A telescopic aluminium pole has two blocks of pressed pastel fixed at its extremities: a blue and a red one. This pole can be adjusted to the height of the exhibition space in order to create a diagonal where the blue end presses against the ceiling while the red end rests on the floor.
By holding the pole in the middle and turning it around its median axis, the two colour blocks simultaneously mark the opposite surfaces of the space, leaving ring-shaped traces on the bottom and top of the room. Once the markings have been made, the pole is put down on the floor, along a wall of the exhibition space.
This object functions as a tool designed to mark the space by ascribing two specific colours to opposing areas. As a result, it automatically positions the maker of these markings at the centre of a divided micro cosmos where the ceiling is marked blue and the floor is marked red. This function of demarcation implements a division of the space that creates antagonisic categories: blue versus red; up versus down.
Providing such categories with content necessitates the application of language, at first based on elemental contradictions such as: yes versus no; right versus wrong; good versus bad; high versus low; top versus bottom or, more symbolically, sky versus earth.
Yet these elemental antinomies suggest other, more specific ones: Space versus Time; Content versus Form; Result versus Process; Exhibition versus Studio; Work versus Idleness; Knowledge versus Ignorance; Complexity versus Simplicity; Seriousness versus Humour; Theory versus Practice; Rationality versus Intuition and so on.
As such, the use of this tool produces visual antinomies that generate language.
While these antinomies are often used as such to describe or qualify a work of art in the artistic discourse, they were part of a whole during the ongoing process that preceded the artwork.
This tool aims to be this paradox: when one makes something, the opposites convene; as soon as an artwork exists, linguistic contradictions appear.
The exhibition space is used as a blank page on which to doodle, with the awareness of thus producing an inescapable dialectic loop of which the markings are a result, but for which they simultaneously provide a model.
Annaïk Lou Pitteloud, born in Lausanne, CH, in 1980, lives and works between Belgium and Switzerland.
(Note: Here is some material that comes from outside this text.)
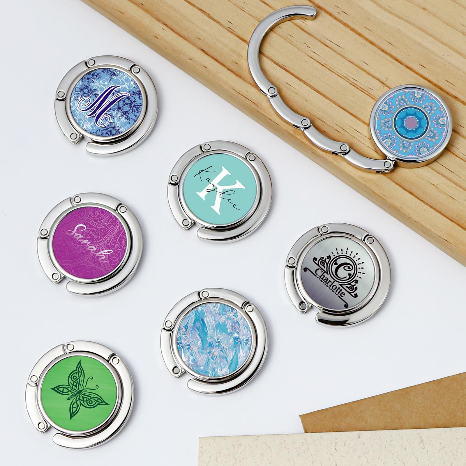 Personalized Bag Hook, Folding Handbag Hook, Bag Hanger Name Design...

Her work makes use of different media to direct the viewer's attention to the invisible components of image-construction, the museum space, and the creative process itself. Pitteloud's pared-down vocabulary raises critical questions to do with social issues, while challenging the art world's mechanisms and its codes of perception, transmission and presentation.
From 2002 to 2005, Pitteloud studied at Bern University of the Arts (BUA), CH.
From 2010 to 2011, followed a residency at the Rijksakademie van beeldende kunsten, Amsterdam, NL.
Her work has been presented amongst others in Musée cantonal des Beaux-Arts Lausanne (2016), Kunstmuseum St. Gallen (2015), Museo cantonale d’Arte Lugano (2014), Kunsthalle Bern (2013), WiFe de With RoFerdam (2012), Moscow Biennale (2012), Shanghai Biennale (2012), and has been rewarded by different prizes (Swiss Art Awards 2006 and 2007, Prix culturel Vaudois 2008, Prix culturel Manor Vaud 2016).